The Morning Line: The Best in Threats
Let's get right to it, Cartoon Nation. It was a particularly interesting week as threats abounded on the "funny" pages -- from nuclear warheads to job cuts to male teen drivers. So in that spirit of laughing our way through anxieties that could rate their own color-coded alerts, we turn to this week's Riffy Awards.
First off is the winner for funniest single-panel GAG O' THE WEEK: Thursday's "Non Sequitur." Part of the reason it packed a punch is the half-second it took my Pentium-1 brain to realize that this couple, in discussing cat food vs. dog food, was actually mulling their own menu options in these hardscrabble times.
In the lingo of Vince Vaughn's "Swingers": So money, Wiley. So money.

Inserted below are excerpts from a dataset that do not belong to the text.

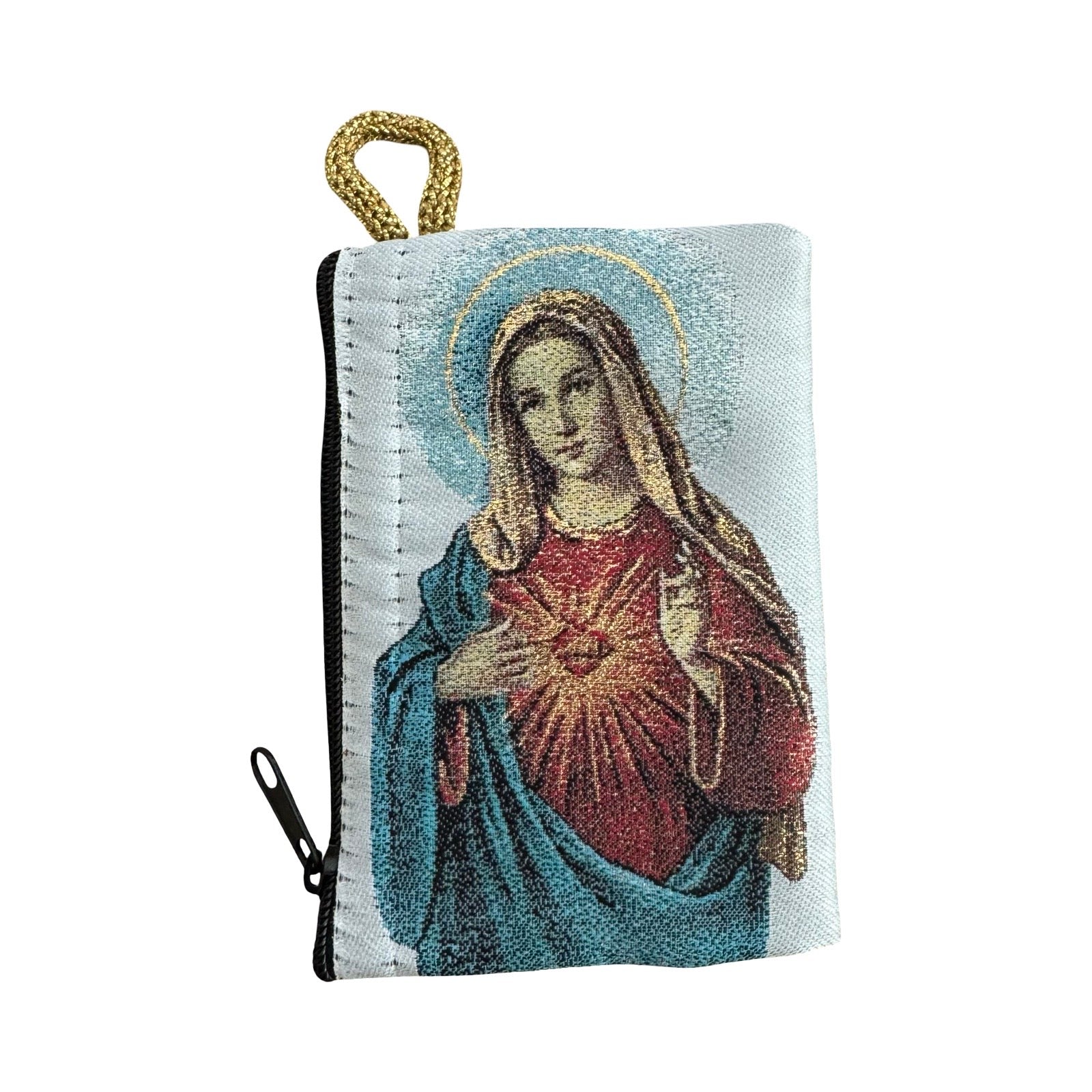 This Immaculate Heart of Mary pouch is perfect for holding prayer cards, rosaries, and other small devotional items. It fits well in a purse or can be used as a small handheld wallet. It bears the image of the Immaculate Heart of Mary on a blue background.
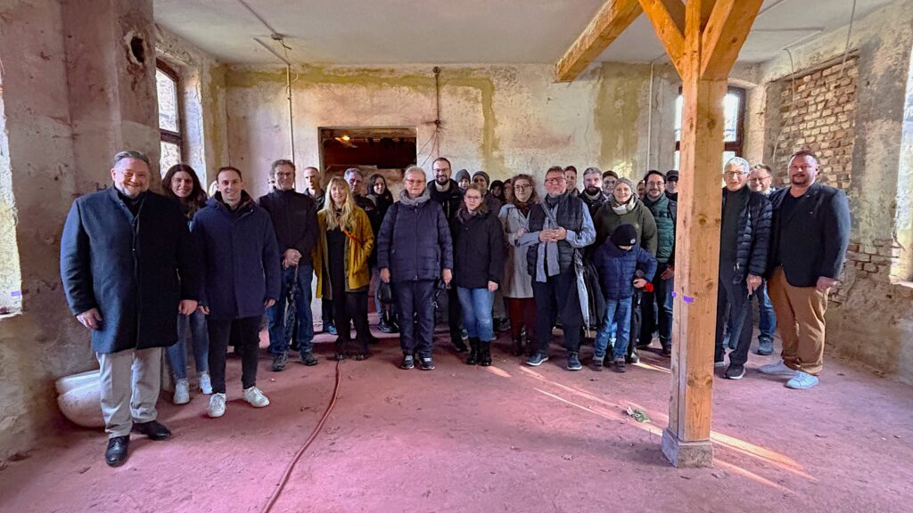 Wie schon bei den bisherigen Empfängen begann der Nachmittag mit einer Führung durch das Industriedenkmal „D‘Schleif“ in Münchshofen. Ortsheimatpfleger Matthias Haberl führte die Gruppe über das Gelände des ehemaligen Glasschleif- und Polierwerks an der Naab und gab spannende Einblicke in die Geschichte des traditionsreichen Industriedenkmals aus dem 19. Jahrhundert.
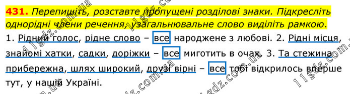 Перепишіть, розставте пропущені розділові знаки. Підкресліть однорідні члени речення, узагальнювальне слово виділіть рамкою. 1. Рідний голос, рідне слово – все народжене з любові. 2. Рідні місця, знайомі хатки, садки, доріжки – все миготить в очах. 3. Та стежина прибережна, шлях широкий, друзі вірні – все тобі відкрилось вперше тут, у нашій Україні.
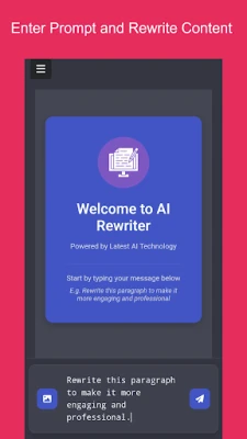"AI Rewriter" will save you time and energy converting written content, and complexities of writing. You can use this app to rephrase a sentence, clarify a statement, and add more creativity to it. It is useful for all blog writers, students, employees, or anybody who wishes to edit their way of writing but still stays in control of the writing.
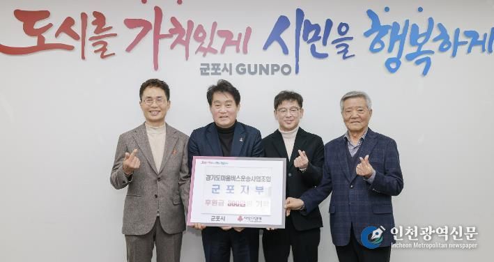 이에 하은호 군포시장은 “어려운 시기에도 지역 이웃을 위한 따뜻한 나눔을 실천해 주신 관내 마을버스운송사업조합에 깊이 감사드린다”며 “기부금은 도움이 필요한 분들께 소중히 전달하겠다”고 말했다.
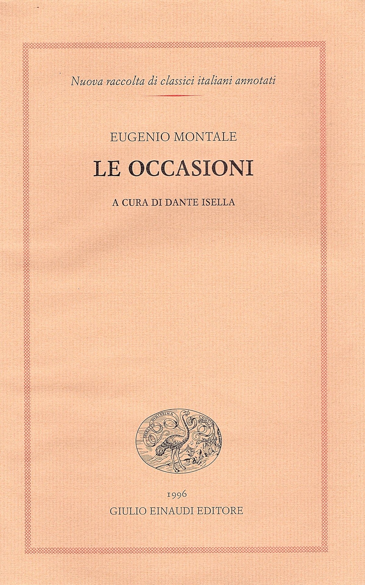 In-8° (22x15 cm), brossura editoriale a risvolti con titoli in rosso e nero al dorso e al piatto anteriore. Pp XVII, 249, (5). Nuova raccolta di classici italiani annotati diretta da Cesare Segre, 14. Ottimo esemplare a fogli chiusi protetto da velina conservante la scheda bibliografica Einaudi Ottobre 1996. Edizione filologica di riferimento della classica suite poetica montaliana per celebrare il centesimo anniversario della nascita del poeta premio Nobel. Prima opera del Novecento ad essere ospitata in questa collana.
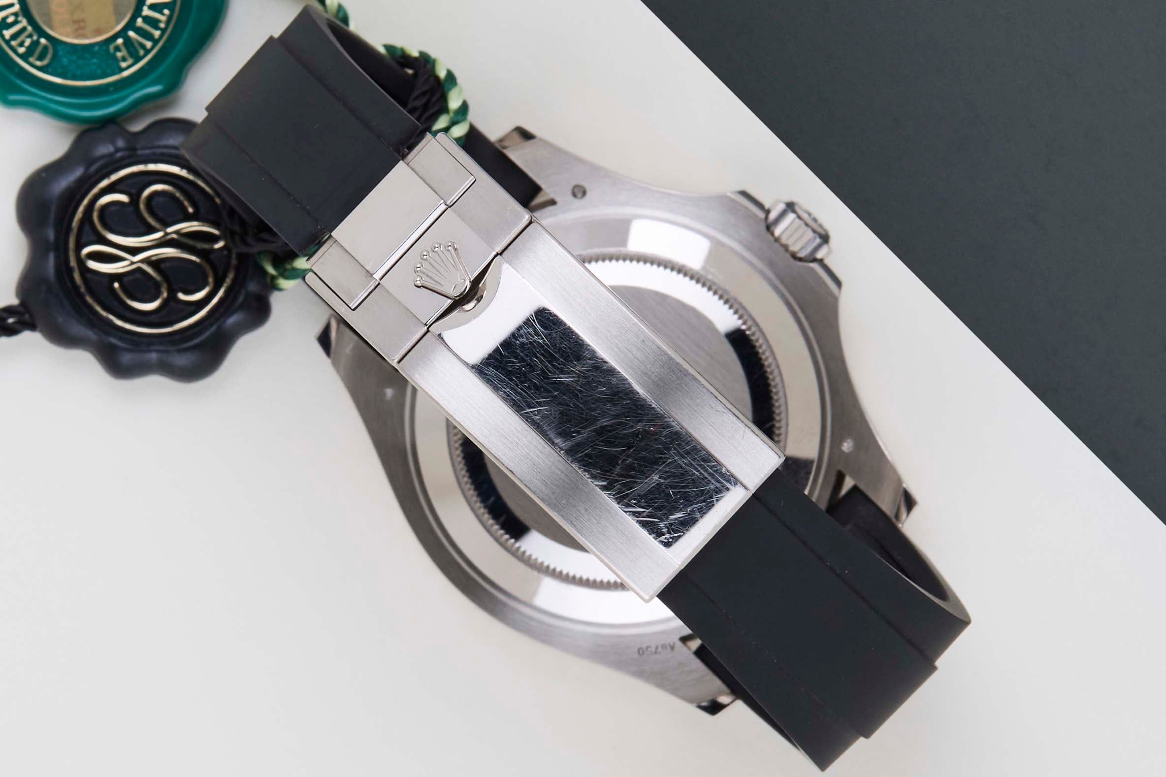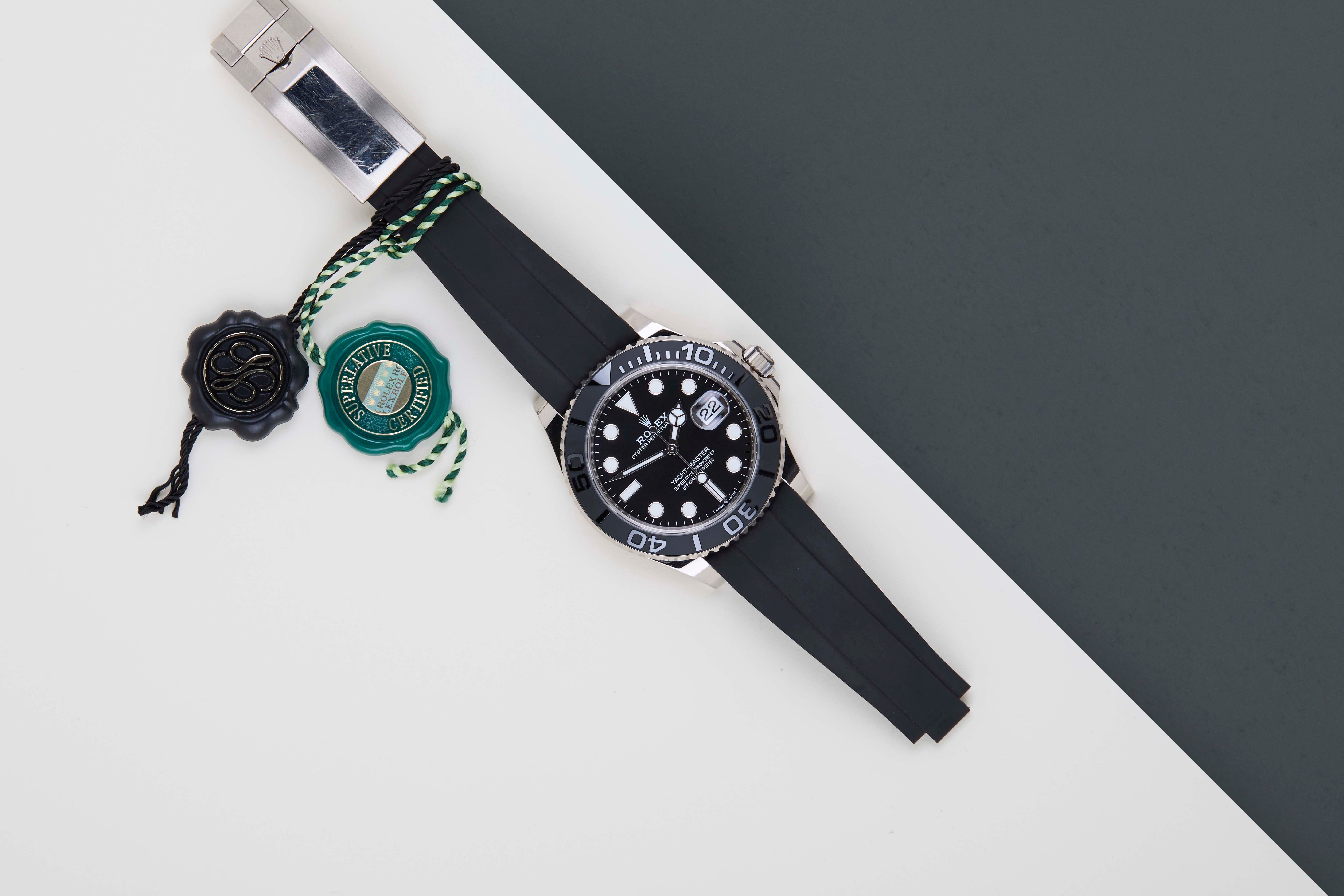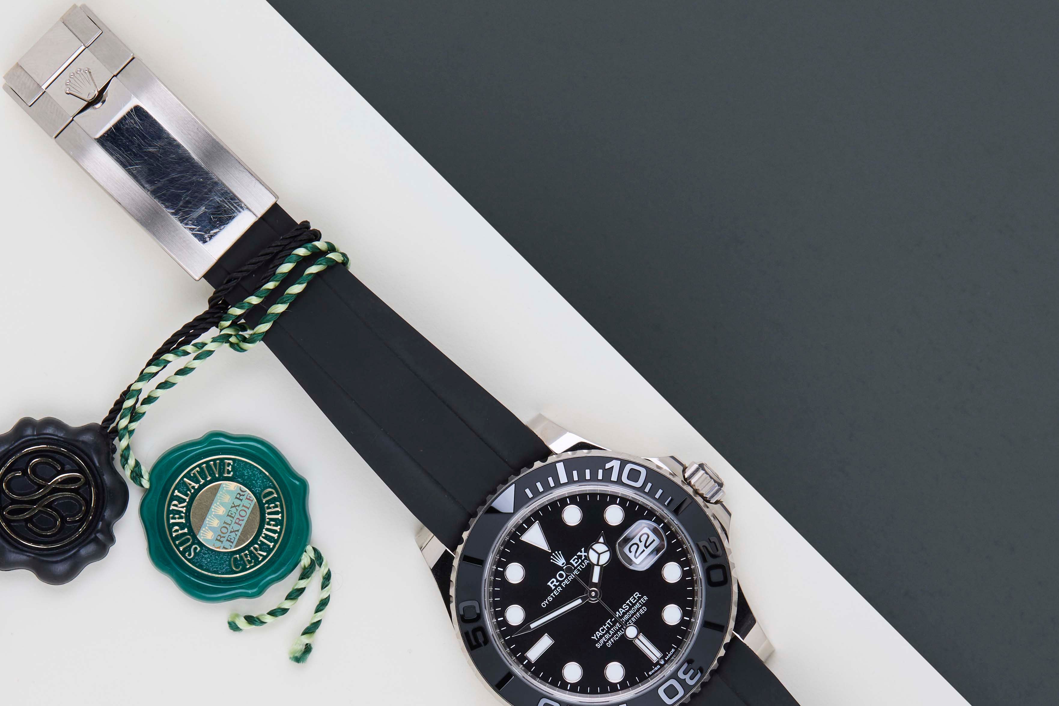 Full Set | Unpolished Condition | International Rolex Warranty Until September 2028 | Bracelet Size F&EThe Rolex Yacht-Master 42 is one of the most admired and prestigious timepieces in Rolex's illustrious collection. First introduced in 1992, the Yacht-Master series has long symbolized the brand’s deep-rooted connection to the yachting world.This highly sought-after Rolex Yacht-Master 42 ‘Black Dial - Oysterflex’ was sold for the first time in September 2023.The reference 226659 is an exceptional model crafted from 18k White Gold equipped with an Oysterflex bracelet. The Oysterflex bracelet is an in-house design which is a superplastic blade covered with a high-end rubber, resistant to environmental effects.This Rolex Yacht-Master is in Unpolished condition and comes with the original Rolex Warranty Card and Box. Furthermore, the watch still has international Rolex Warranty until September 2028.
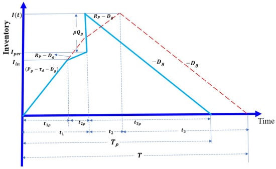 Owing to imperfections in the production process, the manufacturer outsources a  portion of the total ordered quantity to avoid a shortage situation. It is considered that all outsourced items are of perfect quality. Therefore,  indicates all items are outsourced, and  indicates no item is outsourced, that is, all items are produced by the manufacturer. In Figure 1, the dotted line indicates that , i.e., no item is outsourced. If the  portion of the total quantity is outsourced, then the total inventory is given by . These items deplete at a demand rate  within time , i.e., = . As per Figure 1,  is the pure production time, which can be obtained as .  is the portion of repairable imperfect items, and the reworking time  can be calculated as . Therefore, production downtime  can be formulated as .
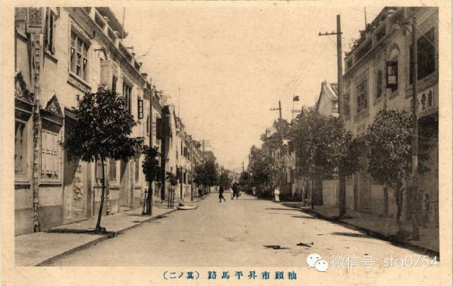 早年升平路的景观。抗日战争前,整个汕头城市约有大小商行、店铺三千多家,其中“四永一升平”就占了将近三分之一。一九二○年代明信片。日本印制,出版者不详。
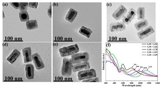TEM images for different length-to-diameter ratios (L/Ds) ((a) 1.96, (b) 2.26, (c) 2.78, (d) 3.02, and (e) 3.49) of the Au NR–mercaptobenzoic acid (MBA)@Cu2O core–shell systems with the same Cu2O shell thicknesses, and (f) UV–VIS–NIR absorption spectra for Au NR–MBA–Cu2O systems with different L/D grown Cu2O shells of consistent thickness (the positions of maximum absorption are 794, 840, 953, 1038, and 1136 nm, respectively).
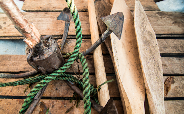 The island’s forest is largely intact, and looking at it from the water it is not difficult to imagine having been sent back in time a thousand years. That illusion fades when you glimpse the first set line or croc entangled in netting.
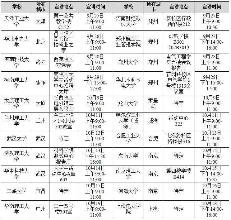 國家電網(wǎng)平高集團有限公司2020年校園招聘行程安排
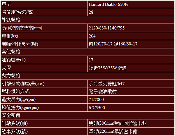 Hartford Diablo 650Fi三視圖與基本規格表
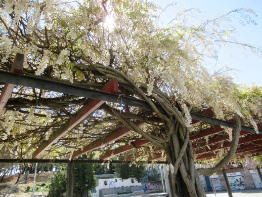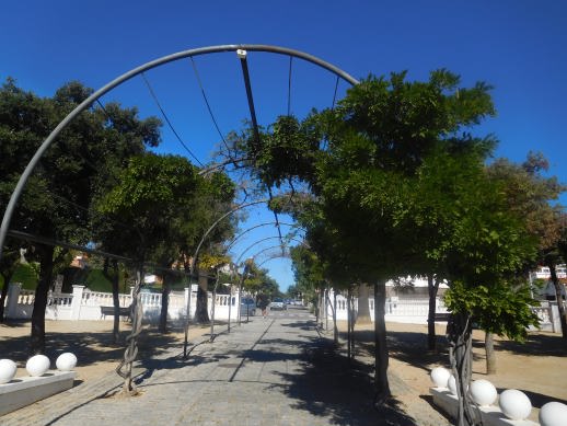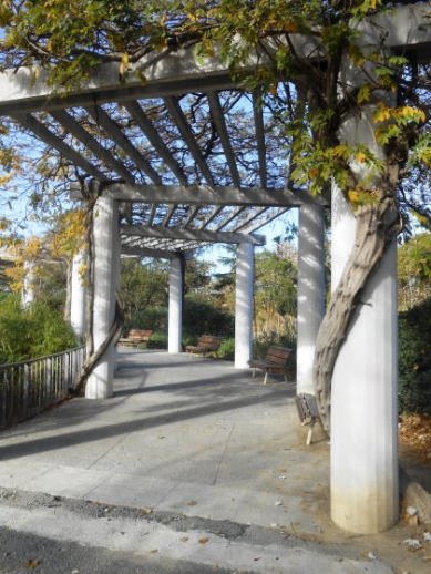 Ahir us vaig presentar, que és una Glorieta; en canvi avui us presento, que és una Pèrgola.Una Pèrgola és un element arquitectònic i estructural, conformat per un corredor flanquejat per columnes verticals o pilars, que suporten bigues longitudinals que uneixen les columnes de cada costat,i altres transversals recolzades en les anteriors a una alçada igual o superior unint ambdós costats i que conformen un enreixat obert,on usualment es desenvolupen plantes enfiladisses i ornamentals,pot ser amb la combinació de columnes d’obra i bigues de fusta,o també, tota l’estructura metàl·lica,i situades al pas d’una zona enjardinada dins d’un parc públic,proporcionen ombra i refugi al llarg d’un camí, gràcies a les plantes enfiladisses.
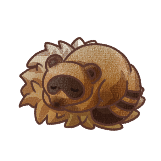 ふかふかの落ち葉の中で、すやすや眠るたぬきのイラスト素材です。
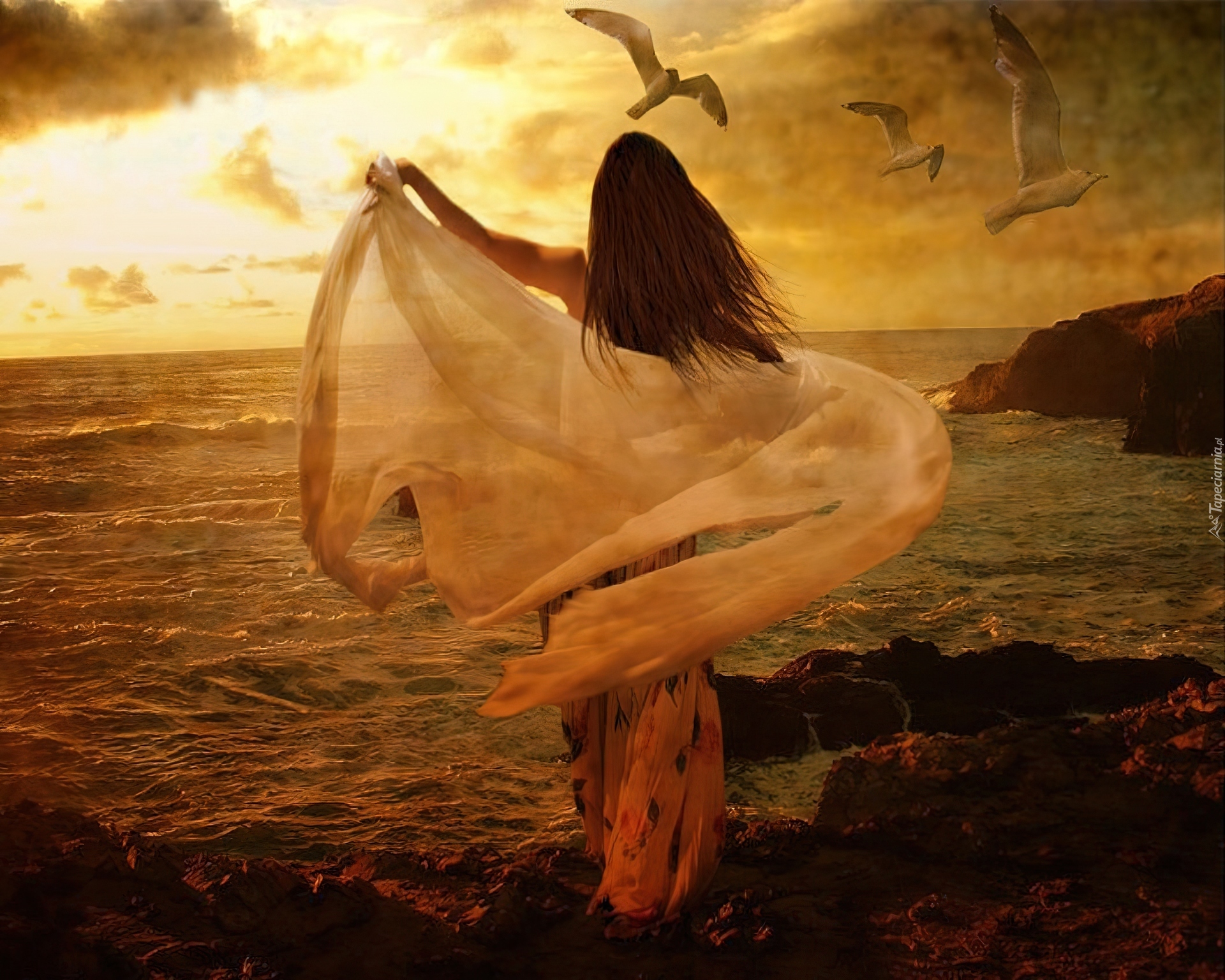 Edytor tapety: Kobieta, Morze, Ptaki
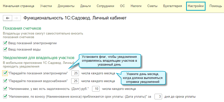 Добавлена возможность оповещать владельцев участков, пользующихся мобильным приложением 1С:Садовод. Личный кабинет:
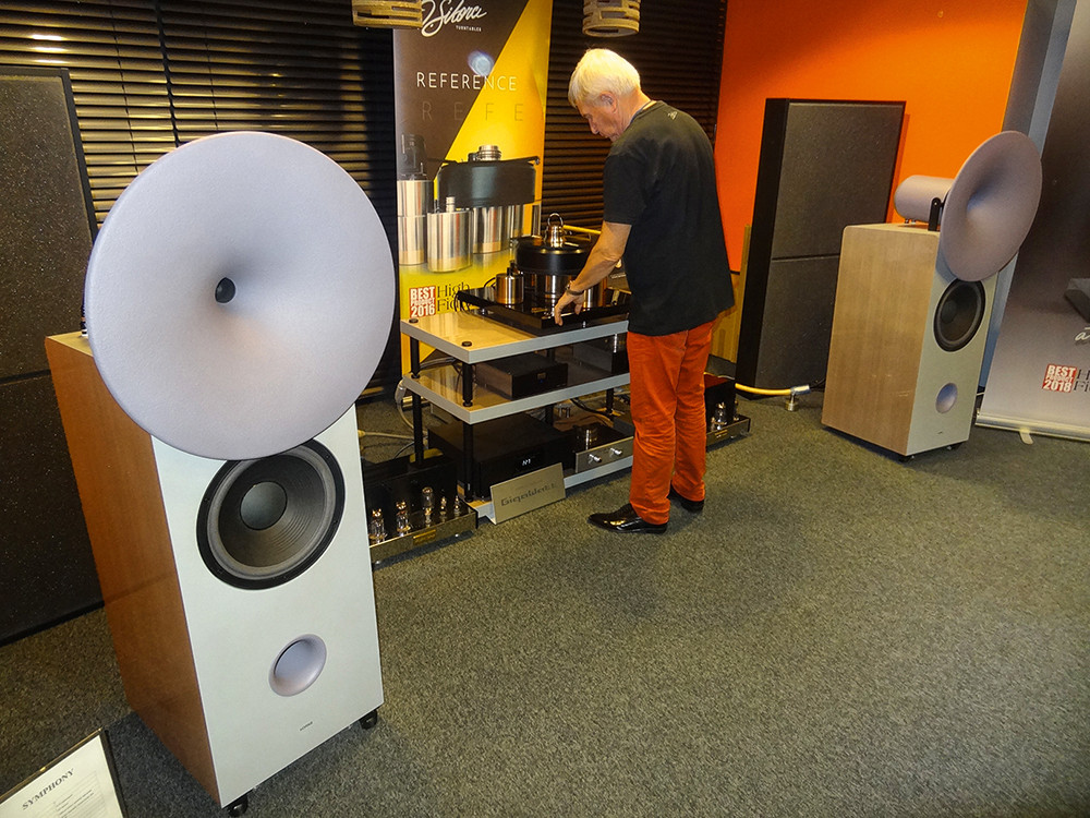Gramofonowi J.Sikora towarzyszyły kolumny firmy hORNS - nowy model Symphony. Inne konstrukcje tego producenta mają bardziej fantastyczne kształty, ale takie „utylitarne” połączenie 12-calowego nisko-średniotonowego, ze średnio-wysokotonową tubą, może okazać się najskuteczniejsze. I grało bardzo porządnie, naturalnie, bez tubowych naleciałości.

FAVE LINE O' DIALOGUE: The eternally engaging thing about "Get Fuzzy's" Bucky Katt is that, smack dab in the middle of a harebrained monologue littered with half-truths and slander, he'll suddenly let fly an opinion that isn't as untethered as it might seem. On Monday, B-Katt is doing the full "Manchurian Candidate" bit to the Manx and Satchel when he says: "Now listen: After you become president of the U.S., you will dissolve Congress -- no one will
object to that."
As one industry friend refers to such priceless lines, that's a "coffee-snorter."
Thanks to you, Darb, we are indeed "havin' a laugh."
FAVE ARTWORK: The stellar team of Borgman/Scott does so many little things just right in Thursday's "Zits":
Mama Duncan's morning-calm smile, the rising sun, the "weight" of the skillet, the spongy slickness of the catapulting eggs and, perhaps best of all, the loose lines of the piled-up pans. When I grow up, I want to draw as ostensibly effortlessly as the good and great Jim Borgman.
THE MIFFY: And this week's lone, lowly Miffy goes to today's "Beetle Bailey" because of one trait that leaves me peevish: head-scratching ambiguity.
I, for one, can't say whether Sarge is a true apologist for the missteps of the Bush administration, or whether it's just a much fainter coat of sarcasm that I'm used to seeing from "Beetle." O wiser minds than mine: Help me intuit the one true political meaning, because this has become a verbal "Magic Eye" In which I can readily read it both ways.
Those are this blog's Riffy picks -- what are yours?